Anyhow, the other day it popped into my head that I’d ask him to do a guest post for the blog. And he said, sure, what do you want me to write about?  And I said, how about How to Save the World? And he said, Crikey, is that all?  And he laughed and said he’d go away (probably to his allotment) and think about it.  And this is what he said…


Sounds like something you would ask Flash Gordon, James Bond, Superman or Wonderwoman to 
help out with. Arctic melting, floods, Trees being cut down in the Amazon; Animals and Birds facing
extinction, overfishing and bees dying. You know the drill.
You’ve been preached to and teached to over the years.
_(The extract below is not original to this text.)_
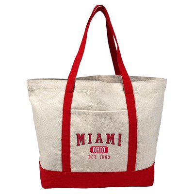 Miami University (Oh) Red Hawks Established Date Canvas Tote Bag With External Pocket, Reusable Shoulder Bag for Shopping, School, Beach

We’re all aware of the problems the world
faces. The trouble is, it all seems so separated from our everyday thoughts. We are all on an
increasing speeding treadmill trying to keep plates spinning as we juggle our busy lives.

There is so much information coming from different directions, the little voices in the wilderness are 
often drowned out by views from others with more power and greed-biased agendas.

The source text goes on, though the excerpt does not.